The joint venture recently received an $8.8 million grant from the National Institute of Standards and Technology, which for some reason got virtually no attention at the time but for the noble exception of the Philadelphia Business Journal.

Here’s some additional detail from the press release:

“We tried to approach this project from the perspective of the clinician, looking at the requirements and opportunities associated with incorporating genetics into routine clinical diagnostics,” said Dr. Radoje (Rade) Drmanac, chief science officer and co-founder of Complete Genomics. “Accuracy, speed and low cost were paramount considerations. While there are a number of powerful and elegant sequencing strategies available or under development, we determined that we needed a completely novel approach to overcome their inherent limitations and achieve our $100 cost objective. We are optimistic that the combination of our two highly innovative approaches has a good chance of success. ”
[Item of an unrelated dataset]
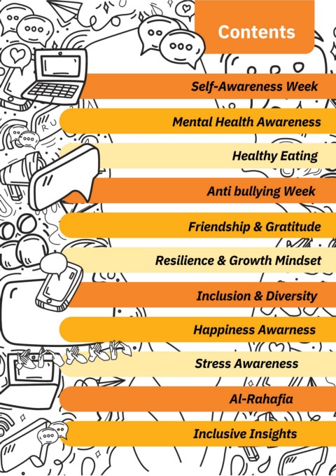 Contents Self-Awareness Week Mental Health Awareness Healthy Eating Anti bullying Week Friendship & Gratitude Resilience & Growth Mindset Inclusion & Diversity Happiness Awarness Stress Awareness Al-Rahafia Inclusive Insights

The joint venture has proposed adapting a novel DNA sequencing chemistry combined with linearized nanoscale DNA imaging to create a system that can “read” very long DNA sequences of greater than 100,000 bases at high speed and with accuracy exceeding the current industry standard. By condensing a wide range of genetic tests into a single, cost-effective platform, the proposed technology has the potential to enable improvements in the diagnosis and personalized treatment of a wide variety of health conditions, as well as the ability to deliver individually tailored preventive medicine. The $100 genome would also have important applications in medical research and drug development.